John takes the bottom rib carefully between fingers and thumb and pulls at it. It resists, but after a minute it pulls out. The second rib takes more tugging. John turns his right palm sideways, bracing it more firmly against Sherlock’s side, fingers curling around. Finally the rib budges and John extracts it carefully, the arc of metal snaking out from the inside of Sherlock’s body. He looks at the place where his hand meets Sherlock’s skin and freezes, unable to look away.

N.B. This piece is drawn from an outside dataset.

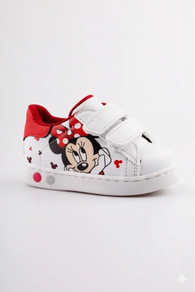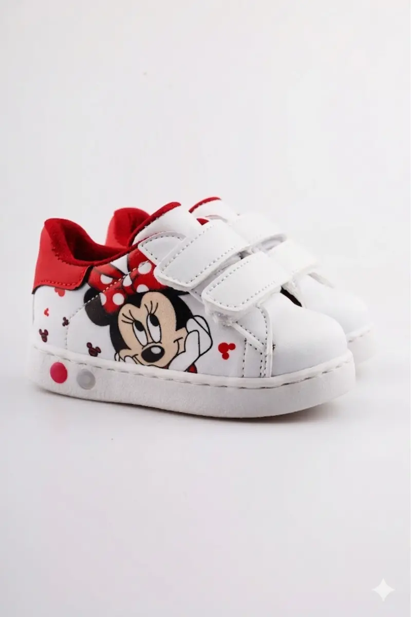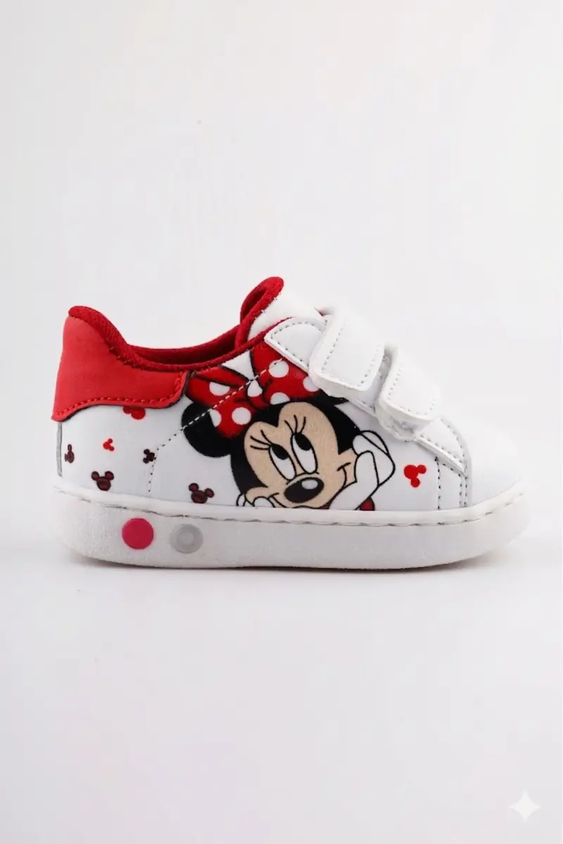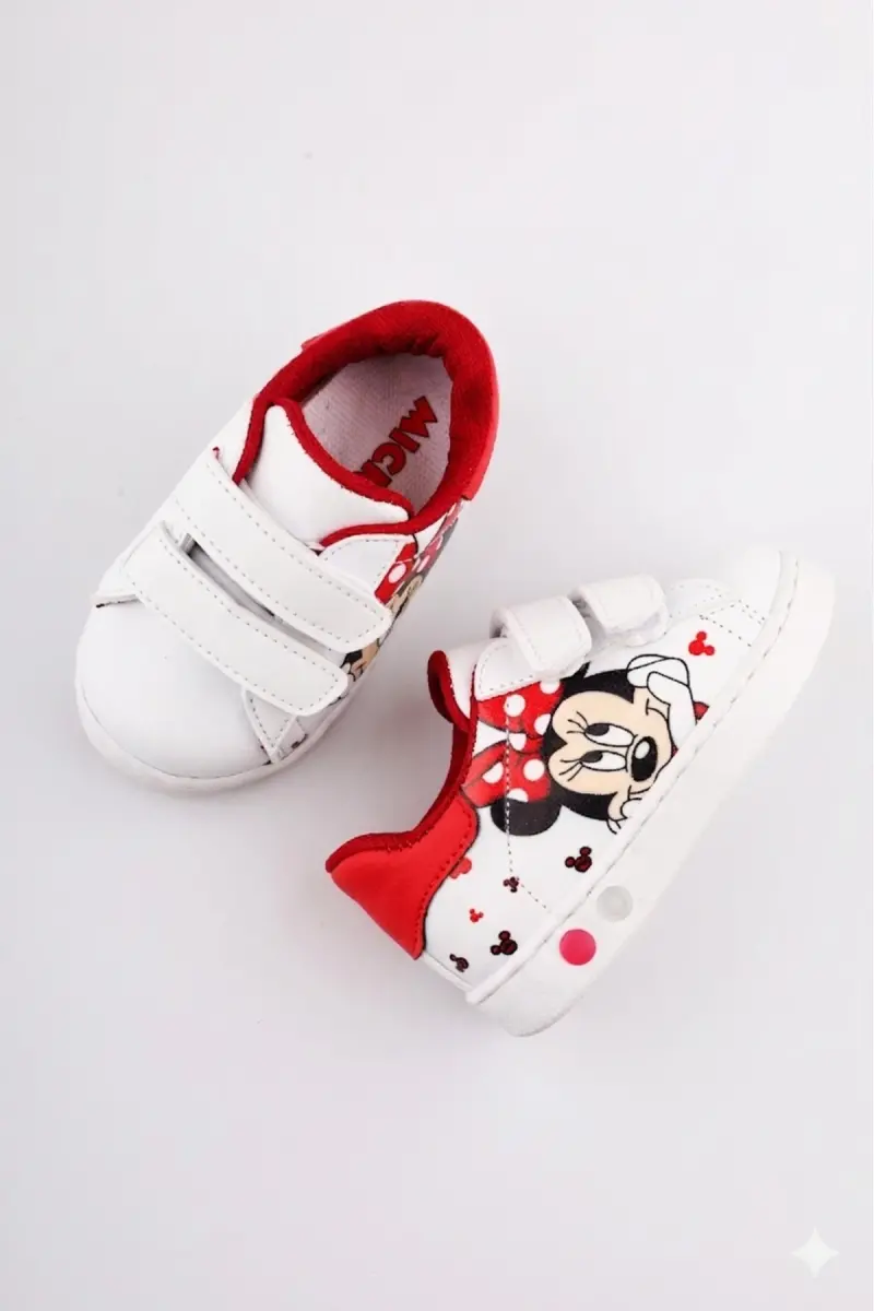 Ortopedik Işıklı Cırt Cırtlı Hafif Rahat Yumuşak Esnek Kız Bebek İlk Adım Ayakkabısı Yeni Sezon 2026-Beyaz Kırmızı Mck

John had thought, when he started to notice his attraction to Sherlock, that it was a product of how human Sherlock is, that it was only happening because Sherlock is an attractive man and John spends far too much time with him, that it only hits John when he forgets that Sherlock is a robot. But here John is with Sherlock’s wiring on display and his steel ribs in John’s hand, and John is looking at his hand on Sherlock’s hip and wanting to tug him backward, bury his face in Sherlock’s back.
John has done what he never thought he’d do, broken one of the most important rules. He wants a robot in all the wrong ways. Not just because this robot is so easily mistaken for human, but because John knows he’s a robot. Because he's Sherlock.